Work to complete: An exact transcription of all the records below is required, without any images.
◆ ◆ ◆ ◆
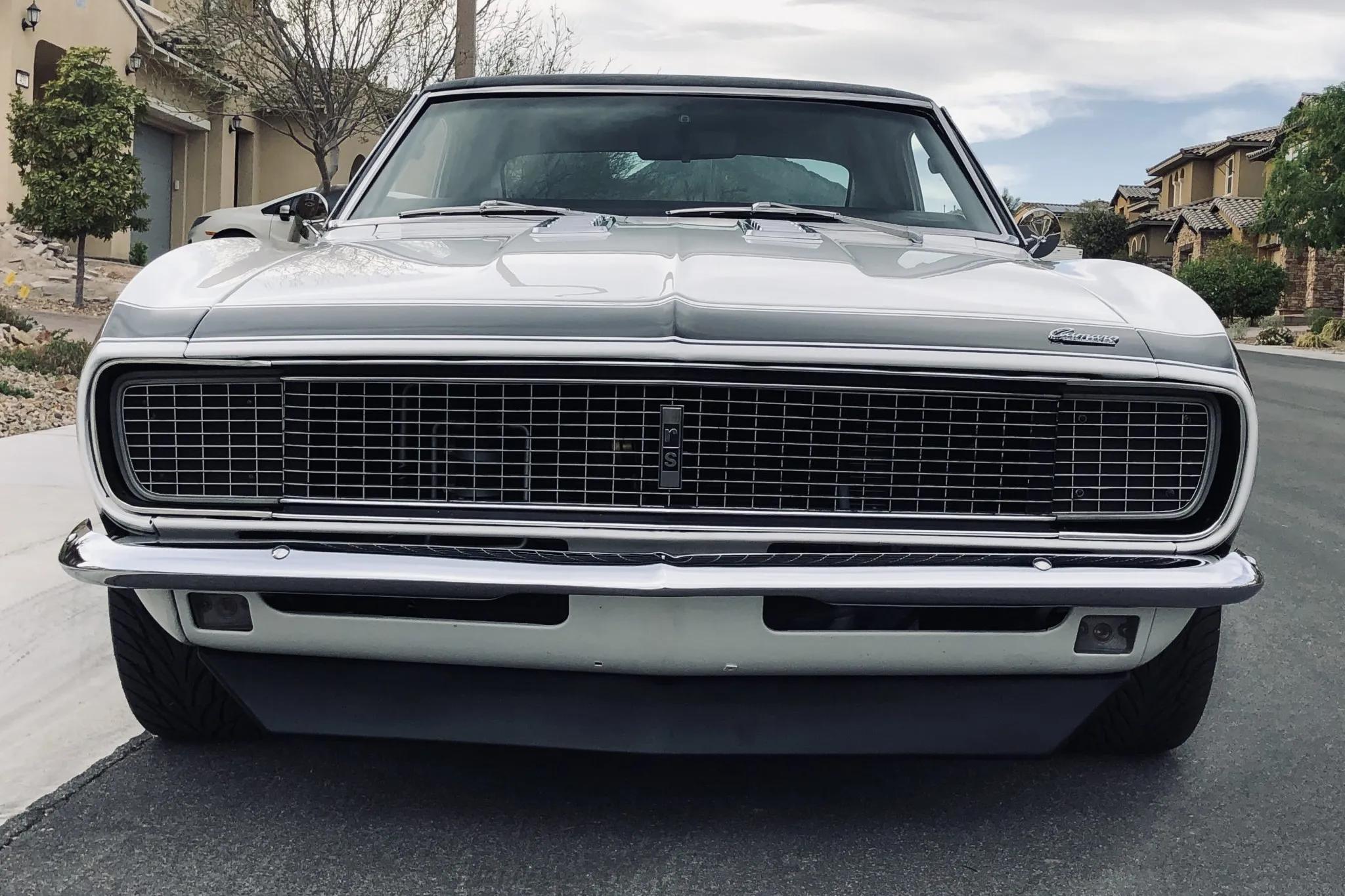 This 1968 Chevrolet Camaro coupe is finished in white with a black vinyl roof and black interior with houndstooth inserts. It is powered by a 6.0-liter LS V8 linked to a Tremec six-speed manual transmission. The car was refurbished prior to the seller's acquisition in January 2022, with work including installation of a cold-air intake system, aluminum radiator, electric cooling fans, chrome engine trim, stainless steel exhaust system, Wilwood disc brakes at all four corners, tubbed wheel wells, US Mags alloy wheels (17" front, 18" rear) wrapped in 235/45 and 255/45 Federal Super Steel 595 tires, hideaway headlights, RS badging, Super Sport-style front stripe, front and rear spoilers, dual mirrors, and Dakota Digital instrumentation. Additional mechanical updates include an aluminum driveshaft and Strange Engineering axles.
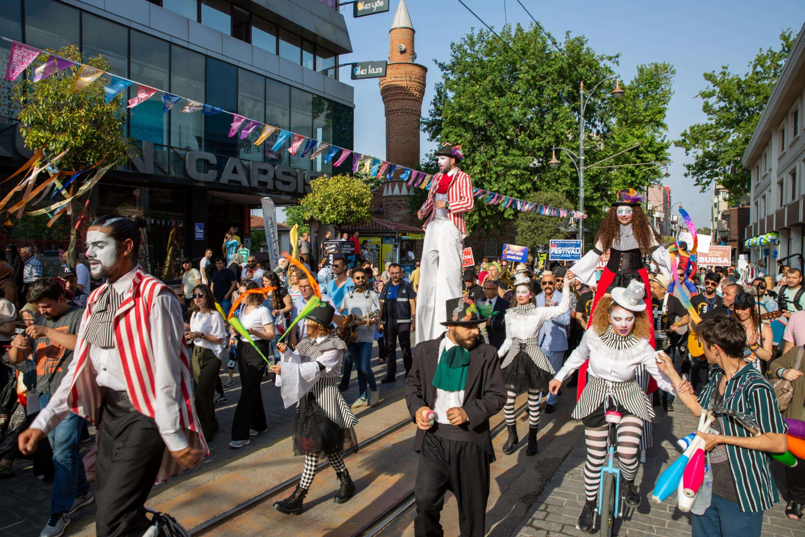 Bursa Büyükşehir Belediyesi tarafından bu yıl ikincisi düzenlenen Uluslararası Sokak Sanatçıları Festivali, renkli kortejle başladı.
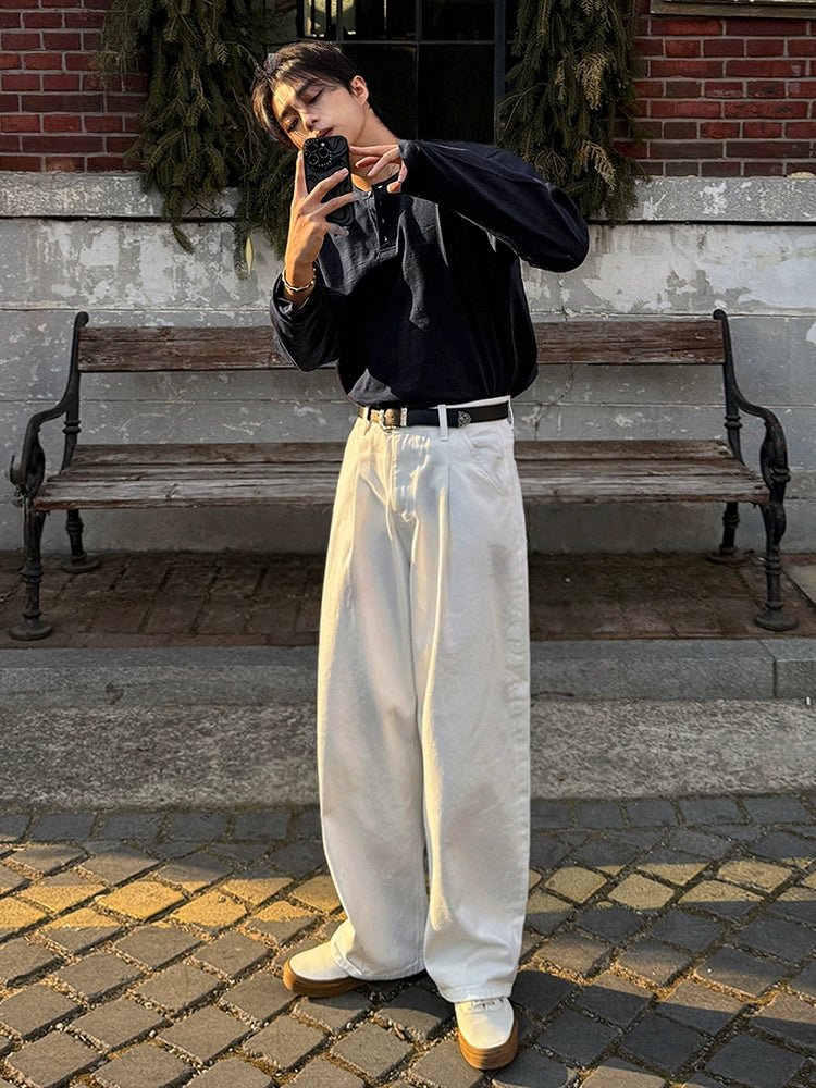 قميص هينلي بولوفر بأكمام طويلة من القطن
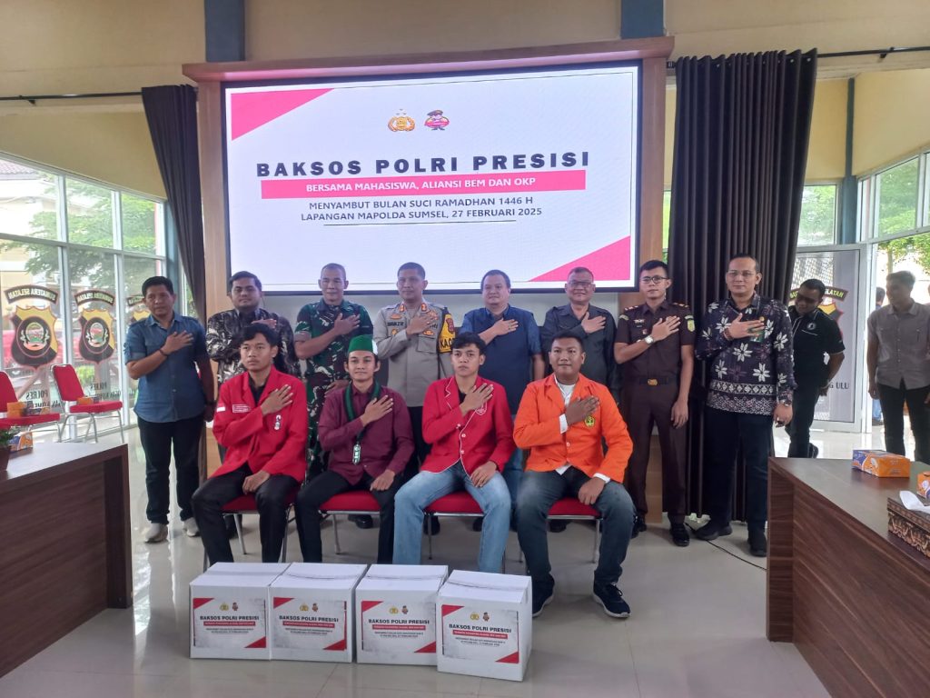 GlobalNusantara.id,OKU Baturaja, 27 Februari 2025 – Dalam rangka menyambut bulan suci Ramadhan 1446 H, Polres Ogan Komering Ulu (OKU) mengadakan kegiatan Bakti Sosial (Baksos) Polri Presisi bersama mahasiswa, Cipayung Plus, dan Organisasi Kepemudaan (OKP). Acara ini berlangsung pada Rabu (27/02/2025) di Rumah Kaca Polres OKU dan dihadiri oleh berbagai pihak, termasuk unsur Forkopimda Kabupaten OKU.
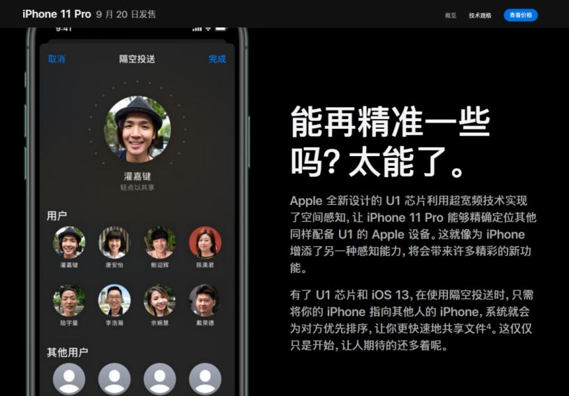当时,iPhone11全系搭载了支持UWB技术的U1芯片。
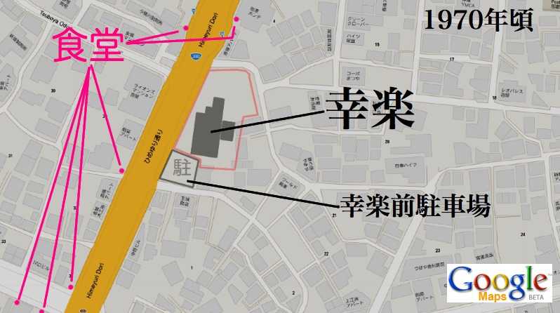 参考にしたのは70年頃のゼンリン地図です。GoogleMapで見るとマクドナルドのあるビルはメゾン幸楽となっていますね。
◆ ◆ ◆ ◆
Answer space:
 This 1968 Chevrolet Camaro coupe is finished in white with a black vinyl roof and black interior with houndstooth inserts. It is powered by a 6.0-liter LS V8 linked to a Tremec six-speed manual transmission. The car was refurbished prior to the seller's acquisition in January 2022, with work including installation of a cold-air intake system, aluminum radiator, electric cooling fans, chrome engine trim, stainless steel exhaust system, Wilwood disc brakes at all four corners, tubbed wheel wells, US Mags alloy wheels (17" front, 18" rear) wrapped in 235/45 and 255/45 Federal Super Steel 595 tires, hideaway headlights, RS badging, Super Sport-style front stripe, front and rear spoilers, dual mirrors, and Dakota Digital instrumentation. Additional mechanical updates include an aluminum driveshaft and Strange Engineering axles.
 Bursa Büyükşehir Belediyesi tarafından bu yıl ikincisi düzenlenen Uluslararası Sokak Sanatçıları Festivali, renkli kortejle başladı.
 قميص هينلي بولوفر بأكمام طويلة من القطن
 GlobalNusantara.id,OKU Baturaja, 27 Februari 2025 – Dalam rangka menyambut bulan suci Ramadhan 1446 H, Polres Ogan Komering Ulu (OKU) mengadakan kegiatan Bakti Sosial (Baksos) Polri Presisi bersama mahasiswa, Cipayung Plus, dan Organisasi Kepemudaan (OKP). Acara ini berlangsung pada Rabu (27/02/2025) di Rumah Kaca Polres OKU dan dihadiri oleh berbagai pihak, termasuk unsur Forkopimda Kabupaten OKU.
当时,iPhone11全系搭载了支持UWB技术的U1芯片。
 参考にしたのは70年頃のゼンリン地図です。GoogleMapで見るとマクドナルドのあるビルはメゾン幸楽となっていますね。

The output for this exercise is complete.